Stair climbing test as a predictor of cardiopulmonary complications after pulmonary lobectomy in the elderly.

Brunelli A, Monteverde M, Al Refai M, Fianchini A. Ann Thorac Surg 2004;77:266-270.

Reviewer: A. Maslow, MD
Rhode Island Hospital
Providence, RI

Introduction:

The authors sought to evaluate the use of exercise tests for risk assessment prior to elective thoracotomy and lung resection for non-small cell lung cancer (NSCLC) in elderly patients (>70 years). Exercise testing was compared to other preoperative cardiopulmonary function tests to determine "operability".

Methods:

One hundred and twenty seven patients were scheduled for pulmonary lobectomy between 2000 and 2003. 'Operability' was assessed using a number of preoperative tests and measurements including blood gas analysis, electrocardiography, echocardiography, pulmonary function tests, and stair climbing. More invasive assessments (e.g. cardiac catheterization) were performed individually as needed.

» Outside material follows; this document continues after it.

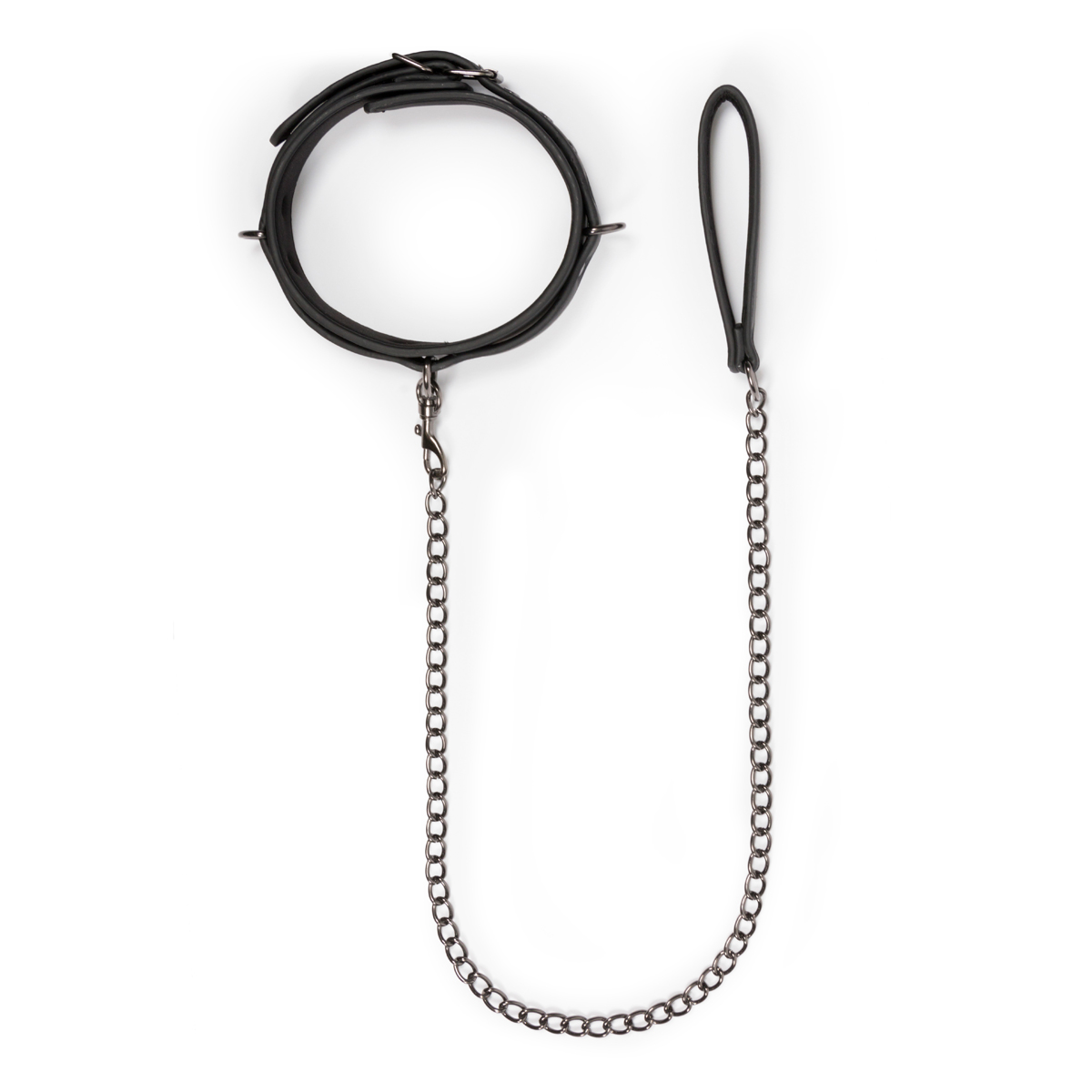 Tenete il vostro sub sempre al vostro fianco con questo collare bondage con guinzaglio. Fatto in metallo e in resistente pelle ecologica imbottita di spugna, in questo modo potrà sopportare anche il trattamento più duro ma sarà sempre comoda da indossare. Il collare è regolabile da 40 a 54 cm per adattarsi a diversi tipi di corporatura. Il guinzaglio è attaccato al collare tramite un moschettone, in questo modo potrete separarli facilmente e attaccarli anche altri giocattoli, come manette, pinze per capezzoli e imbracature. Così avrete infinite possibilità e potrete vivere un'esperienza di bondage creativa e personalizzata.

Pulmonary function testing included forced expiratory volume in 1 second (FEV1), forced vital capacity (FVC), FEV1/FVC ratio, and carbon monoxide diffusion lung capacity (DLCO). Calculated values included predicted postoperative FEV1 (ppoFEV1; (preop FEV1/number of functioning lung segments) x number of functioning segments after surgery)), and predictive postoperative DLCO (ppoDLCO; (preop DLCO/number of functioning lung segments) x number of functioning segments after surgery)). The number of functioning segments was estimated by computed tomography scan, and bronchoscopic evaluation. Tests were performed prior to and after bronchodilator therapy.

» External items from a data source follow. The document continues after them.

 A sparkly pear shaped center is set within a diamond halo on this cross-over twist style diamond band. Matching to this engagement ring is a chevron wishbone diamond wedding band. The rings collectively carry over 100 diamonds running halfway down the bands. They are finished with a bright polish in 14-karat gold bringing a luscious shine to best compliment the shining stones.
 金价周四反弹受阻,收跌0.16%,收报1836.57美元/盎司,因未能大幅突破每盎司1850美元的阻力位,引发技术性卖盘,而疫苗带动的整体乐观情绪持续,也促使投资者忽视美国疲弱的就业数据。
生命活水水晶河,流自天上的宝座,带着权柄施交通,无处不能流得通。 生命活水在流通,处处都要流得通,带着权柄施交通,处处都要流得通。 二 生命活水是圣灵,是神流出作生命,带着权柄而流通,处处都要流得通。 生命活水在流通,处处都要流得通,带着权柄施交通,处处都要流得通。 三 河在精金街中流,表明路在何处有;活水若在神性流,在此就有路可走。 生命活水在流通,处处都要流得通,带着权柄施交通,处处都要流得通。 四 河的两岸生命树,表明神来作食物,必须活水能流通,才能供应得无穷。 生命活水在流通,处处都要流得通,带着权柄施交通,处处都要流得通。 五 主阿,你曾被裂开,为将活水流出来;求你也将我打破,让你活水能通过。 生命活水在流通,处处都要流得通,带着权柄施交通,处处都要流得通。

Stair climbing was performed on stairs with a stair height of 0.155 meters/stair, with each flight containing 11 stairs. Patients paced themselves and climbed the maximum number of stairs until dyspnea, chest pain, and/or exhaustion was noted or reported.

Oxygen consumption was calculated (not directly measured). Work was measured by the product of height of each step x steps climbed per minute x weight (kg). Maximum oxygen consumption (VO2 max; ccO2/min) was calculated by (5.8 x weight (kg)) + 151 + (10.1 x work)). Predicted postoperative VO2 max (ppoVO2 max) was also calculated in similar fashion as other predicted postoperative measures.

Assessment of cardiac morbidity included the patient's cardiac history and measures of maximal heart rate achieved with comparison to predicted maximal heart rate for age (220 - age).

Other data included a variety of patient demographics and details of the surgical procedure.

Postoperative cardiopulmonary complications were recorded as those occurring within 30 days of surgery.

Results:

One hundred and nine patients who performed the stair climbing underwent surgery. Twenty-nine of (26.6%) patients had cardiopulmonary complications and 3 (2.7%) died. Complications included pneumonia (12), arrhythmia (12), respiratory failure (2), pulmonary edema (2), myocardial infarction (1), and cardiac failure (1). Of eighteen additional patients who were not able to perform stair climbing due to limited physical ability, seven (38.9%) had significant morbidity, of which 4 (22.2%) died.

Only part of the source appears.